• [Task directions] Each line of the data below must be reproduced without any change.
== Dataset section ==
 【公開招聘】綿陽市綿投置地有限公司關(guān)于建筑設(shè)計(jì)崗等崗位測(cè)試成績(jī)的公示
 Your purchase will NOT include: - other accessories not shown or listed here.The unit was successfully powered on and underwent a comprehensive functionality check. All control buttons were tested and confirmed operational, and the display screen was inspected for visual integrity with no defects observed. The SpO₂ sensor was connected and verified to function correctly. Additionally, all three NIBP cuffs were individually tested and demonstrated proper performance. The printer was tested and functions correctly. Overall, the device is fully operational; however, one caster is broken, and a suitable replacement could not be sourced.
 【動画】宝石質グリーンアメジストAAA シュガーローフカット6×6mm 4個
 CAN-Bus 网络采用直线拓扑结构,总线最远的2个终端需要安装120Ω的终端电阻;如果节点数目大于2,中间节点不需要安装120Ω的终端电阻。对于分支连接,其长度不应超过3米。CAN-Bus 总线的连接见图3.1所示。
===
• [Answer section]
 【公開招聘】綿陽市綿投置地有限公司關(guān)于建筑設(shè)計(jì)崗等崗位測(cè)試成績(jī)的公示
 Your purchase will NOT include: - other accessories not shown or listed here.The unit was successfully powered on and underwent a comprehensive functionality check. All control buttons were tested and confirmed operational, and the display screen was inspected for visual integrity with no defects observed. The SpO₂ sensor was connected and verified to function correctly. Additionally, all three NIBP cuffs were individually tested and demonstrated proper performance. The printer was tested and functions correctly. Overall, the device is fully operational; however, one caster is broken, and a suitable replacement could not be sourced.
 【動画】宝石質グリーンアメジストAAA シュガーローフカット6×6mm 4個
 CAN-Bus 网络采用直线拓扑结构,总线最远的2个终端需要安装120Ω的终端电阻;如果节点数目大于2,中间节点不需要安装120Ω的终端电阻。对于分支连接,其长度不应超过3米。CAN-Bus 总线的连接见图3.1所示。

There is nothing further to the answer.